## WHAT NEEDS TO BE DONE
Print the data below verbatim, minus images.
--------
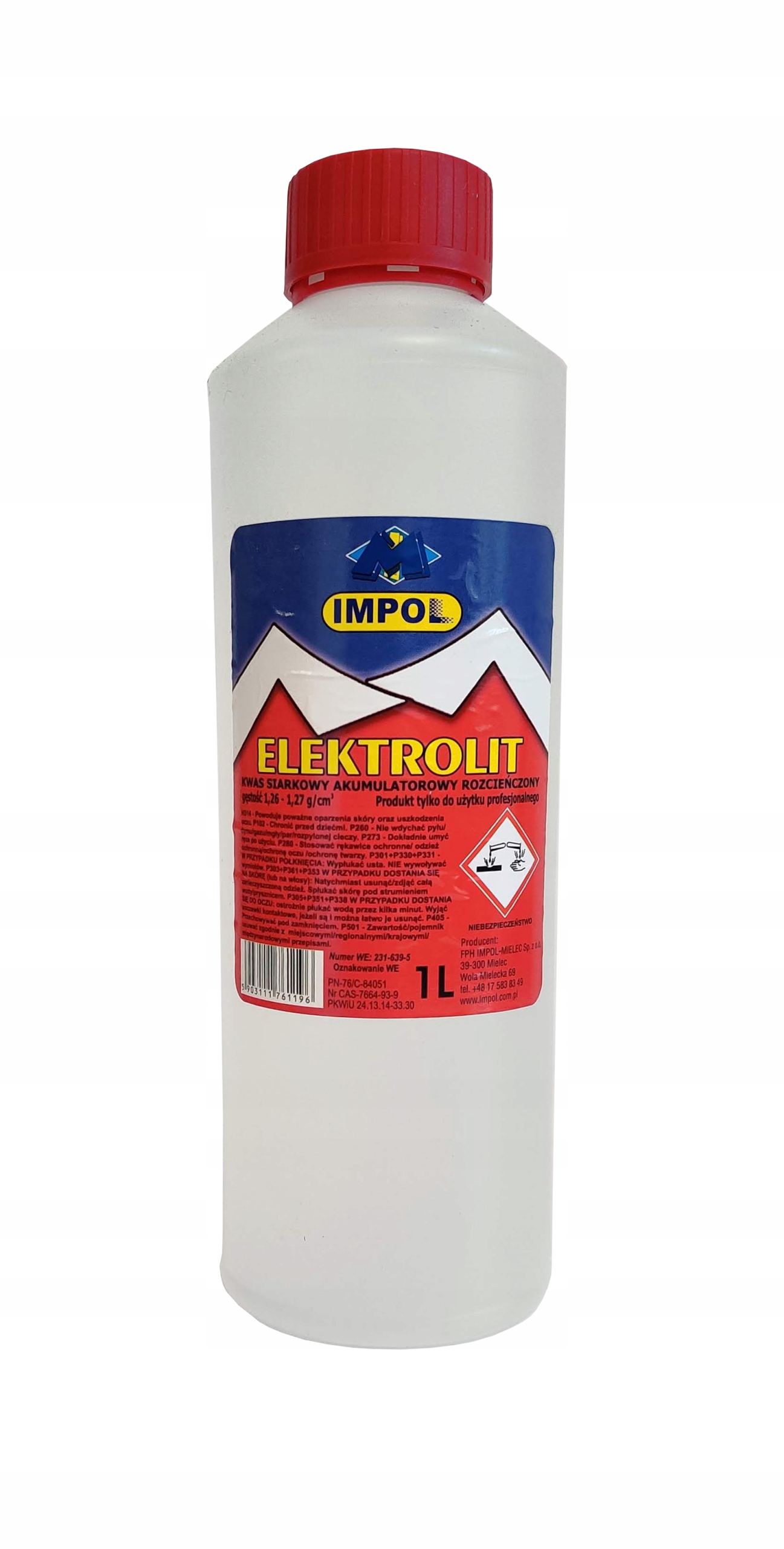 Новый продукт, польский производство . Аккумуляторный электролит (серная кислота) – продукт, позволяющий восполнить уровень электролита в аккумуляторах. При его использовании помните, что кислота при попадании на кожу вызывает серьезные ожоги, поэтому у нее есть безопасный колпачок, но все же следует хранить ее в недоступном для детей месте и быть очень осторожным при ее использовании. Продукт только для профессионального использования. Коррозионное вещество. Соответствует всем стандартам и имеет сертификаты.
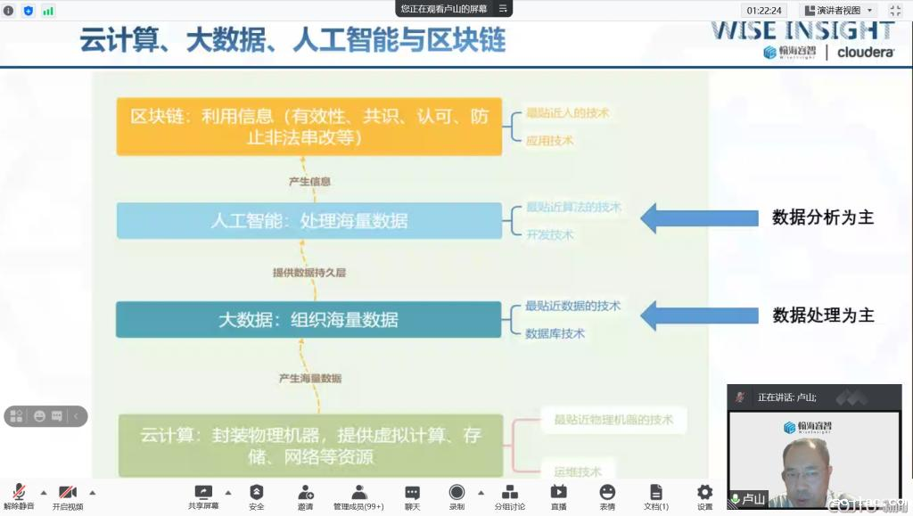 会议第二阶段,邀请两名企业负责人分别做了“数据人才时代需求发展”和“脚踏实地拥抱未来”两场报告。瀚海睿智科技有限公司总经理卢山对数据时代的基本特点、人才需求等方面做了详细的介绍,并针对学院专业特点、对就业提出了针对性建议。湖北立成信息技术有限公司董事长向绍成分享了自己创业的经验与经历,重点讲述了创业过程中如何将理论知识与应用实践结合起来,对拓展学生知识视野方面也给予了宝贵的意见。
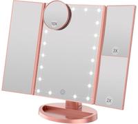 - The price range for the product WEILY Makeup Vanity Mirror with LED Lighting and Touch Screen, Tri-Fold 1x 2x 3x Magnification,180° Adjustable Rotation,Battery and USB Powered,Countertop Cosmetic Mirror (White) is €£27.99to €£29.20 with a total of 2 offers.
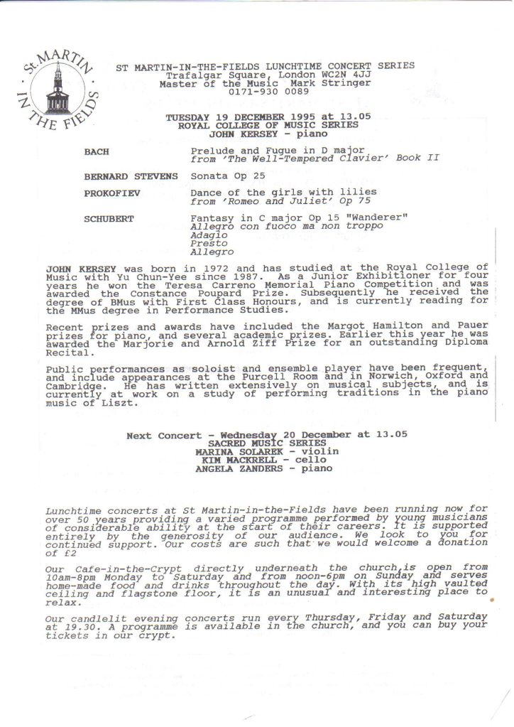 I cannot praise John Kersey’s performance highly enough. And I recommend that all of you who enjoy 19th century music should look out for his next recital, and go to it.
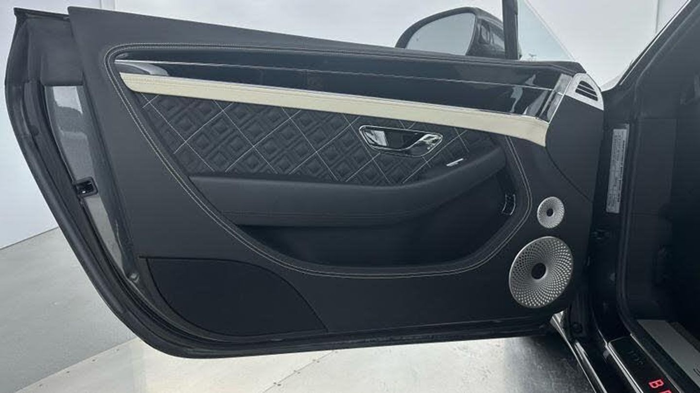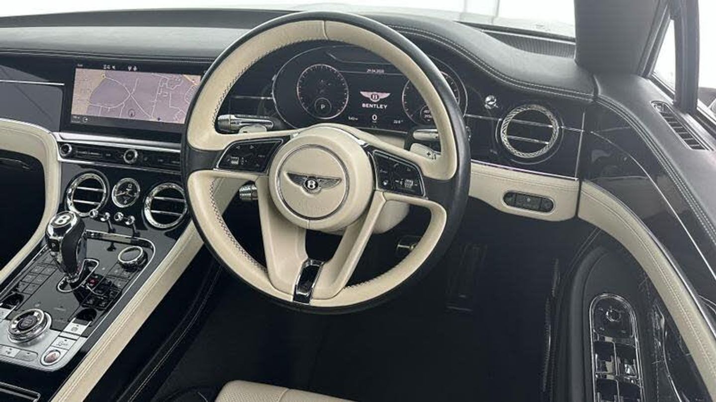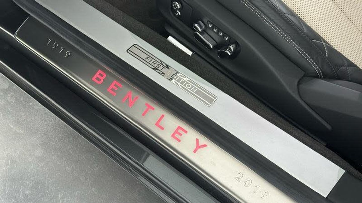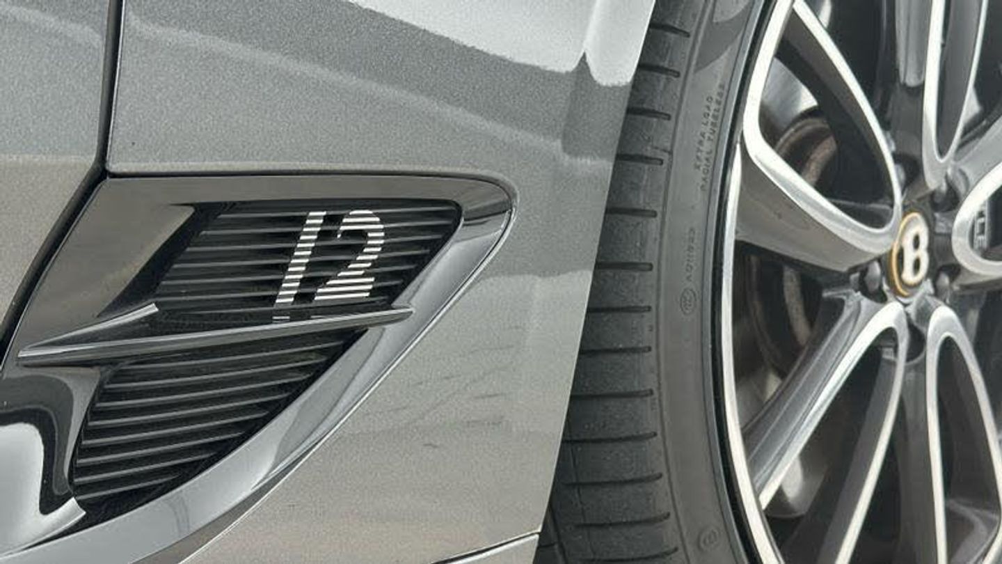 Apple car play, Blind spot warning, Bluetooth and Wi-Fi audio streaming, Brake pad wear indicator warning light, Collision prevention assist, Engine start/stop button, Front/rear park distance control, Infotainment system with 12.3 high resolution touch screen retina disp + proximity sensors + advance music interface, single DVD/CD, 2 SD card slots, Navigation system, Park assist system, PAS, Power latching to all doors for easy entry, Reversing camera, Trip computer, Acoustic and heat insulating front windscreen, Acoustic glass, Adaptive brake lights, Auto dimming rear view mirror, Black and Chrome bonnet and boot Bentley wing badges, Branded Bentley sills, Bright boot finisher, Bright wing vent with 12 in the black ribbed matrix, Deployable rear boot spoiler, Electrically adjustable door mirrors with heating, power fold, memory and dip on reverse functions, Full LED Matrix headlamps with high-beam assist, Full LED tail lamps, Heated rear windscreen, Lower front bumper grilles in black, Polished bright ware to side windows, Rain sensing windscreen wipers, Treadplates inner with Handbuilt in Crewe, England inserts, Twin oval exhaust finishers, 12v power sockets 2 in cabin and 1 in boot, 2 cupholders in front centre console, Black seat belt buckles, Boot carpet in Beluga, Boot lid down lighters, Deep Pile Carpets to match upholstery, Electric tilt and reach adjustment steering column with memory and easy entry functions, Four occupant seating positions, Leather trimmed gearshift lever, Lockable cooled glovebox, Metal bulls eye vents with organ stop, Multi-zone automatic climate control - two zone, Nappa leather upholstery, Rear headrests, Seats with straight fluted style hide cover, Single front armrest with fore/aft adjust and stowage, Ski hatch, Steering wheel gearshift paddles, Stowage to front doors, centre console and under centre armrest, Sunvisors with illuminated vanity mirrors, Two rear seats with centre stowage and cup holders including 12v socket and 2 USB charging points, Driver and passenger airbags, Electronic parking brake with drive away assist, Electronic stability programme with traction control, Anti lock braking System, Electronic brake force distribution, HBA + drag torque control, Electronic tyre pressure monitoring, Exit warning, Front vented 420x40mm disc brakes with Bentley branded black brake callipers, Multicollision braking system, Pre crash system, Pre sense braking system, Rear vented 380x30mm disc brakes with Bentley branded black brake callipers, Side airbags, Torque vectoring brake
--------
## REPLY
 Новый продукт, польский производство . Аккумуляторный электролит (серная кислота) – продукт, позволяющий восполнить уровень электролита в аккумуляторах. При его использовании помните, что кислота при попадании на кожу вызывает серьезные ожоги, поэтому у нее есть безопасный колпачок, но все же следует хранить ее в недоступном для детей месте и быть очень осторожным при ее использовании. Продукт только для профессионального использования. Коррозионное вещество. Соответствует всем стандартам и имеет сертификаты.
 会议第二阶段,邀请两名企业负责人分别做了“数据人才时代需求发展”和“脚踏实地拥抱未来”两场报告。瀚海睿智科技有限公司总经理卢山对数据时代的基本特点、人才需求等方面做了详细的介绍,并针对学院专业特点、对就业提出了针对性建议。湖北立成信息技术有限公司董事长向绍成分享了自己创业的经验与经历,重点讲述了创业过程中如何将理论知识与应用实践结合起来,对拓展学生知识视野方面也给予了宝贵的意见。
 - The price range for the product WEILY Makeup Vanity Mirror with LED Lighting and Touch Screen, Tri-Fold 1x 2x 3x Magnification,180° Adjustable Rotation,Battery and USB Powered,Countertop Cosmetic Mirror (White) is €£27.99to €£29.20 with a total of 2 offers.
 I cannot praise John Kersey’s performance highly enough. And I recommend that all of you who enjoy 19th century music should look out for his next recital, and go to it.
 Apple car play, Blind spot warning, Bluetooth and Wi-Fi audio streaming, Brake pad wear indicator warning light, Collision prevention assist, Engine start/stop button, Front/rear park distance control, Infotainment system with 12.3 high resolution touch screen retina disp + proximity sensors + advance music interface, single DVD/CD, 2 SD card slots, Navigation system, Park assist system, PAS, Power latching to all doors for easy entry, Reversing camera, Trip computer, Acoustic and heat insulating front windscreen, Acoustic glass, Adaptive brake lights, Auto dimming rear view mirror, Black and Chrome bonnet and boot Bentley wing badges, Branded Bentley sills, Bright boot finisher, Bright wing vent with 12 in the black ribbed matrix, Deployable rear boot spoiler, Electrically adjustable door mirrors with heating, power fold, memory and dip on reverse functions, Full LED Matrix headlamps with high-beam assist, Full LED tail lamps, Heated rear windscreen, Lower front bumper grilles in black, Polished bright ware to side windows, Rain sensing windscreen wipers, Treadplates inner with Handbuilt in Crewe, England inserts, Twin oval exhaust finishers, 12v power sockets 2 in cabin and 1 in boot, 2 cupholders in front centre console, Black seat belt buckles, Boot carpet in Beluga, Boot lid down lighters, Deep Pile Carpets to match upholstery, Electric tilt and reach adjustment steering column with memory and easy entry functions, Four occupant seating positions, Leather trimmed gearshift lever, Lockable cooled glovebox, Metal bulls eye vents with organ stop, Multi-zone automatic climate control - two zone, Nappa leather upholstery, Rear headrests, Seats with straight fluted style hide cover, Single front armrest with fore/aft adjust and stowage, Ski hatch, Steering wheel gearshift paddles, Stowage to front doors, centre console and under centre armrest, Sunvisors with illuminated vanity mirrors, Two rear seats with centre stowage and cup holders including 12v socket and 2 USB charging points, Driver and passenger airbags, Electronic parking brake with drive away assist, Electronic stability programme with traction control, Anti lock braking System, Electronic brake force distribution, HBA + drag torque control, Electronic tyre pressure monitoring, Exit warning, Front vented 420x40mm disc brakes with Bentley branded black brake callipers, Multicollision braking system, Pre crash system, Pre sense braking system, Rear vented 380x30mm disc brakes with Bentley branded black brake callipers, Side airbags, Torque vectoring brake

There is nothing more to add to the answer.